Pearl of the south
Hyderabad is both rich in history and at the forefront of tech developments. Charukesi Ramadurai takes a look around a city that is 'ripe for exploration'

As I proffer the small fee demanded of visitors climbing to the top of Charminar, Hyderabad’s iconic four-towered mosque, the woman at the counter shakes her head.
“We don’t allow single women to go up alone,” she says. Why? “Because they jump from there and commit suicide.”
To set the record straight, single women don’t do this, as a rule, at Charminar: it happened once, but the paranoia still lingers. Eventually, I am allowed to climb the 400-year-old landmark, once I have convinced the woman’s superior officer of my non-suicidal intentions.
From the top, the heart of old Hyderabad, with its crowds and chaos, spreads out before you.

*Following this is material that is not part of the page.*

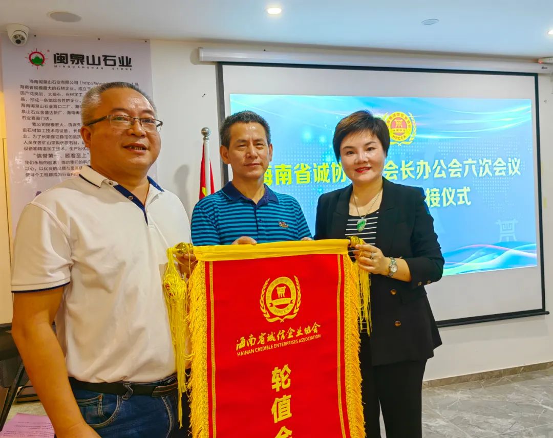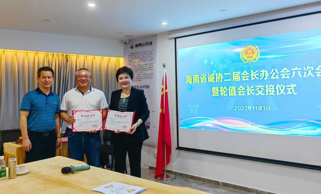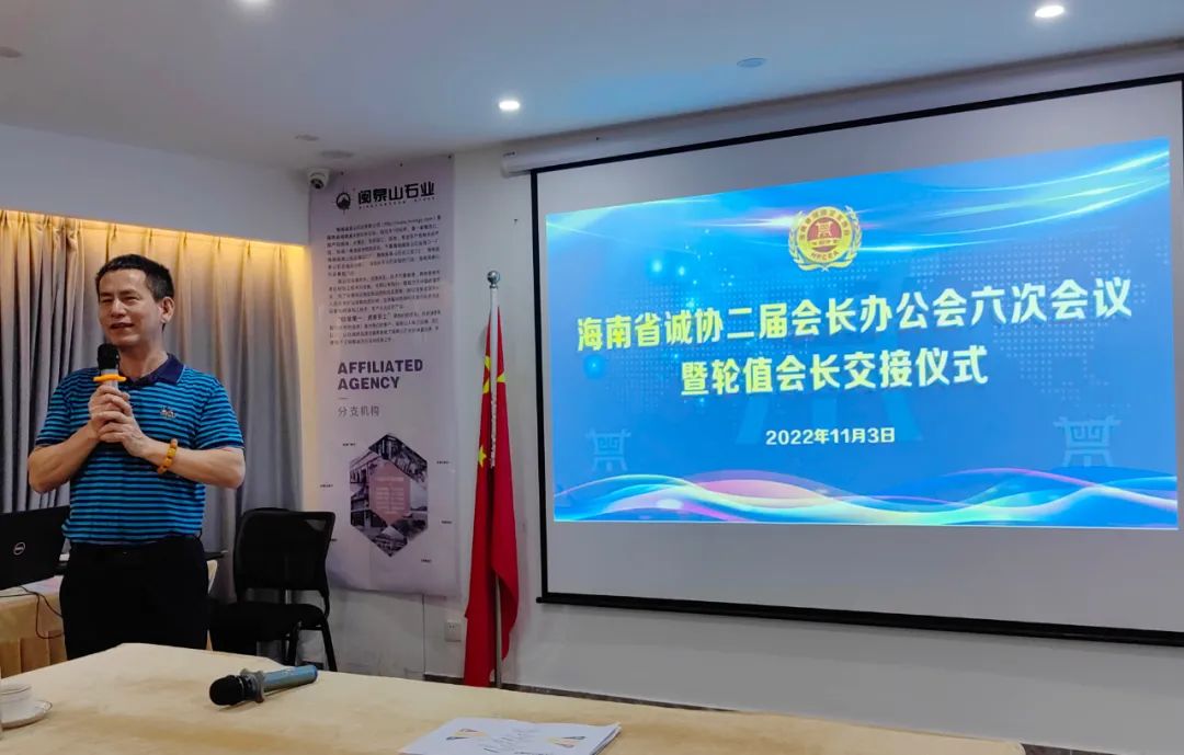 在會上,林霖代表秘書長向大家匯報了省誠協(xié)2022年9-10月份重點(diǎn)工作,海誠協(xié)和多家會員企業(yè)簽定了戰(zhàn)略合作發(fā)展協(xié)議并與海南省自由貿(mào)易區(qū)跨境貿(mào)易商會共同簽署了戰(zhàn)略聯(lián)盟協(xié)議;會長孫秀山、副會長周勤富和石宜伽參加省工商聯(lián)舉辦的民營企業(yè)信用體系建設(shè)培訓(xùn),石總和周總代表省誠協(xié)介紹企業(yè)誠信建設(shè)先進(jìn)經(jīng)驗(yàn)等。9-10月輪值會長博眾集團(tuán)唐明山董事長(代表李詠婷)做了輪值工作總結(jié);孫會長給11-12月輪值會長頒發(fā)輪值會長證書及錦旗,完成輪值工作交接儀式;11-12月輪值會長廖勇(誠協(xié)顧問兼講師)和呂翹羽(海南閩泉山石業(yè)有限公司總經(jīng)理)做了2022年度最后兩個月的輪值工作計劃:黨的二十大精神解讀活動、心連心慈善行動和給會員單位舉辦脫口秀演講學(xué)習(xí)班等,內(nèi)容非常豐富。
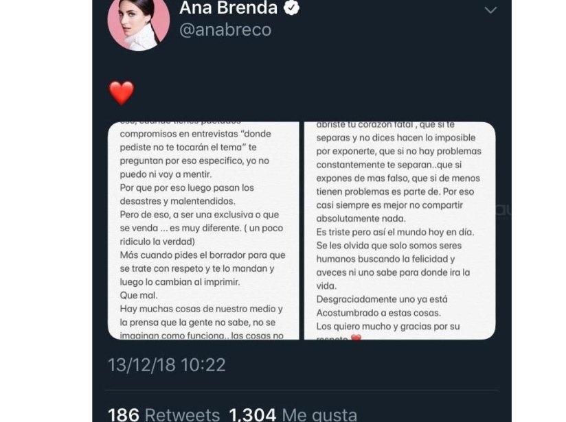 “(…) cuando tienes pactados compromisos en entrevistas donde pediste que no te tocarán el tema, te preguntan por eso específico yo no puedo ni voy a mentir porque por eso luego pasan los desastres y malentendidos. Pero de eso a ser una exclusiva o que se venda es muy diferente. Un poco ridículo la verdad. Más cuando pides el borrador para que se trate con respeto y te lo mandan y luego lo cambian al imprimir. Qué mal.”

In one direction, Laad Bazaar (also known as Choodi Bazaar, reflecting the dozens of bangle shops that line the narrow street); in another, stores selling the pearls for which Hyderabad is famed.

I ignore them and make my way through the twinkling displays of Laad Bazaar and reflect on what Lonely Planet has to say about the city, one of its top 10 recommendations for 2013: “Elegant and blossoming, but also weathered and undiscovered, Hyderabad’s Old City is ripe for exploration.”